National Fleetway, Inc. v. Director of Revenue

614 S.W.2d 258 | Mo. | 1981

WELBORN, Commissioner.

Petition for review from a final decision of the Administrative Hearing Commission, affirming ruling of Director of Revenue that petitioner, National Fleetway, Inc., was liable for title fees, registration fees and sales tax upon motor vehicles acquired by National and leased to the United States Postal Service.

On or about November 1, 1978, National, in response to a bid call by the United States Postal Service, leased to the Postal Service 394 motor vehicles for use by the Postal Service in the St. Louis area. The vehicles were various models of Ford products and were acquired by National by purchase from McMahon Ford Company of St. Louis.

On November 2,1978, National submitted to the Missouri Department of Revenue applications for title and registration of the vehicles, showing a purchase date of November 1, 1978 and accompanied by Manufacturer’s Statements of Origin assigned on that date to the United States Postal Service. The issuance of title and registration in the name of that agency was requested.

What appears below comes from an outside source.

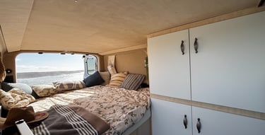 liebevoll selbst ausgebaute Vans, reduziert auf das Wesentliche –
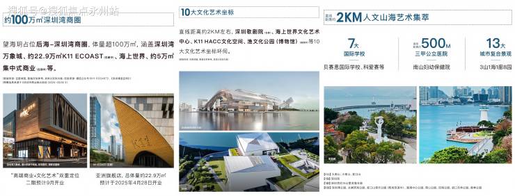 商业:自带1万㎡底商,步行10分钟到海上世界、K11,驾车15分钟到华侨城新玺(在建)。

On December 1,1978, the manager of the Postal Service Procurement Services Office wrote the Motor Vehicle Bureau of the Department of Revenue, stating, regarding the vehicles leased from National: “I want to make it perfectly clear that the U. S. Postal Service does not own these vehicles and any exceptions to the laws of the State *259of Missouri are solely between the State and National Fleetway, Inc.”

On January 29, 1979, counsel for the Department of Revenue advised counsel for National that no certificate of registration or title for the vehicles would be issued until National paid the sales or use tax on this purchase and that National was required to title and register the vehicles.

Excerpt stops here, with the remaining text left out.